Over the last year we have seen sharp declines in nickel, cobalt and manganese prices.
Since the increase in the price of these metals was the determinant of the increase in the price of electric batteries in the 2021-2022 cycle, it may be useful to ask ourselves how much the prices of these batteries could/should decrease in relation to the lower price of the three metals .

According to Goldman Sachs forecasts, the average annual price of automotive batteries is expected to fall by 11% between now and 2030. This would mean that by 2025 the production costs of electric cars (EVs) should equal those of cars with combustion engines without the help of state subsidies.

To observe the price changes of electric batteries you can use the Should Cost tool present in the tools section on the PricePedia website.
In this article we will show a possible use of this tool to evaluate the possible decrease of a specific battery. In order to carry out a detailed analysis, it is necessary to choose a specific battery to focus on and then identify the main materials necessary for its construction.

The battery chosen as the object of this analysis is the lithium battery[1] of the NMC111 type,[2] characterized by the same weight of nickel, manganese and cobalt.
These three metals are combined together with lithium to construct the cathode. Lithium is used together with graphite to form the anode. Two other metals that are used to produce these batteries are:

  • the copper which is used to make the external circuit;[3]
  • the aluminium used for the external casing of the battery.

Should Cost Calculation

To calculate the should cost we proceed through two distinct phases: the first is the Cost Breakdown Analysis and the second is the actual calculation of the Should Cost through the use of the Cost Drivers.

Cost Breakdown Analysis

Cost Breakdown Analysis involves the detailed breakdown of the total costs of a product or service into specific components. The goal of this initial analysis is to identify and understand the factors that contribute to overall costs.
It is useful to produce this breakdown by distinguishing the production inputs into two distinct groups. In the first group, those inputs that contribute to determining the weight of the final product (for example in this case metals) must be considered. The other inputs must be considered in the second group. In this way the impact of the first group of inputs on the total cost of the product can be done by passing through their weight.

Cost Breakdown Analysis of materials

The table below shows the specific costs of the materials necessary for the production of one kg of NMC111 batteries.
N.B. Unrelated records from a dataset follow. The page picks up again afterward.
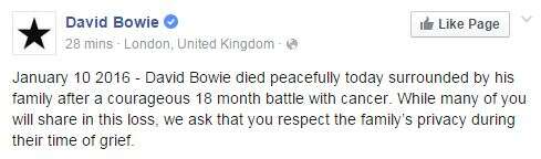 "דיוויד בואי מת בשלווה היום, כשהוא מוקף בבני משפחתו, לאחר מאבק אמיץ בן 18 חודשים בסרטן" נמסר בהודעה הרשמית, "בזמן שרבים מכם שותפים לאובדן, אנו מבקשים שתכבדו את פרטיות המשפחה בזמן האבל".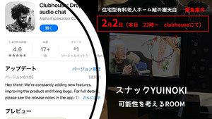 【リモート可能】今、話題のClubhouseにて“介護施設で作る「スナックYUINOKI」”のルーム立ち上げました。一緒に参加して盛り上げてくる人募集!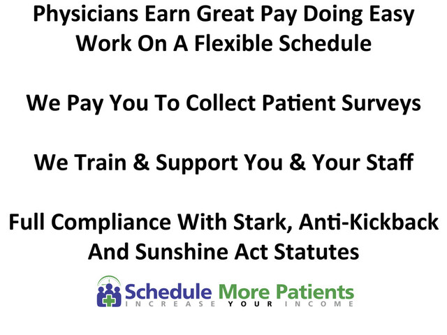 Flexible Schedule We Pay You To Collect Pa@ent Surveys We Train & Support You & Your Staff Full Compliance With Stark, An@-‐Kickback And Sunshine Act Statutes

The first column shows the weight of the input necessary to produce 1 kg of NMC111 batteries; in the second column the price of the metal in January 2022; in the third column the relative cost and in the fourth the impact on the total cost of the materials used.

Should Cost batterie NMC111
MaterialWeight
in kg
Price in euros per kgCost in euros to produce
1 kg of battery
% of the total cost
of materials
Lithium0.1015.911.5910.8%
Nickel0.1820.553.7025.0%
Manganese0.183.240.584-0%
Cobalt0.1843.297.7952.7%
Copper0.088.680.694.7%
Graphite0.201.000.201.3%
Aluminum0.082.810.221.5%
Total materials1.0095.4914.79100.0%

 
From the results reported in this table it can be seen that the cost of production materials per kg of an NMC111 battery is, at January 2022 prices, 14.8 euros. Among the materials used in the production process, the price of cobalt affects more than half (52%) of the total cost of the materials used. In addition to cobalt, the other two materials with the greatest impact on the total cost are nickel and lithium, which represent 25% and 10.8% of the total cost of materials respectively.
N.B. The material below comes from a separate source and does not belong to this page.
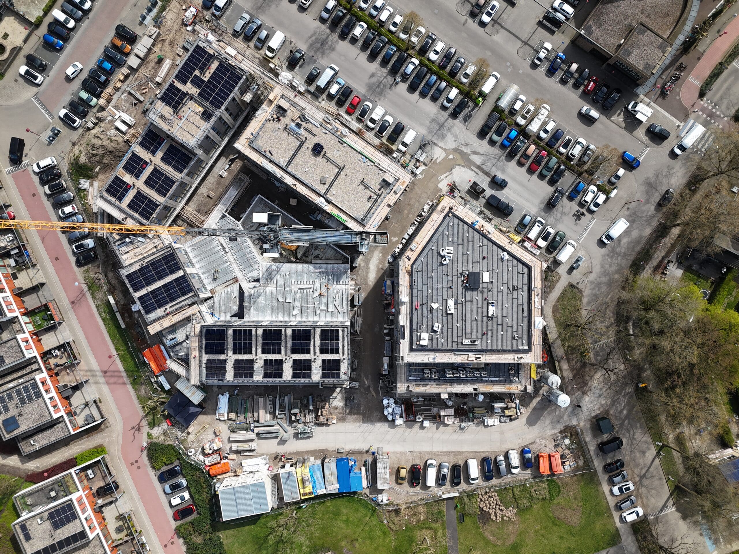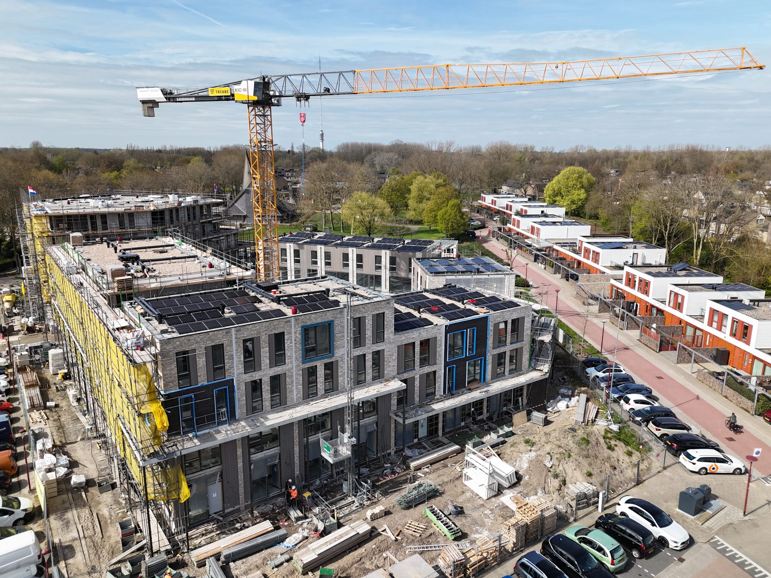 Met het hoogste punt bereikt ligt de bouw op schema. De komende periode staat in het teken van de afbouw. Dit betekent dat er hard gewerkt wordt in de woningen en de appartementen. Zo worden binnenwanden geplaatst, het sanitair en tegelwerk wordt aangebracht, het metselwerk wordt afgerond én er wordt een start gemaakt met het aanleggen van de binnentuin.

Cost Breakdown Analysis of non-material inputs

In addition to the cost of materials, other inputs are required for the production of NMC111 batteries, ranging from transport costs, energy costs, labor costs, actual or figurative services such as the use of machinery and plants. Calculating the cost breakdown of these inputs can be very complex. However, it may be reasonable to calculate their impact in successive steps, introducing some approximations. Their impact on the total costs of a kg of battery can, in fact, be calculated from the difference between the selling price per kg of the battery and the cost of materials, previously calculated. We can consider, as an approximate price, the average price of EU imports of lithium ion batteries, equal to 30 euros per kg.
From this information it can therefore be deduced that the cost of the total materials and the total non-material inputs each accounts for 50%.
To break down the total non-material inputs, it is possible to consider that all these inputs are composed of energy and work, partly carried out internally by the company, partly carried out externally, included in the purchased services. It is reasonable to hypothesize that the division between energy and work is 1/5 and 4/5 respectively.

Cost Drivers

As Cost Drivers we used the market prices of the various metals considered, a price index for energy and for labor the consumer price index in the Euro area, under the hypothesis that the cost of labor is substantially stable at constant prices.

Should Cost

By inserting the results of the Cost BreakDown Analysis and the Cost Drivers described above, we used PricePedia's Shoold cost tool to calculate the dynamics of the probable production costs of NMC111 lithium ion batteries.
The following graph shows the results obtained.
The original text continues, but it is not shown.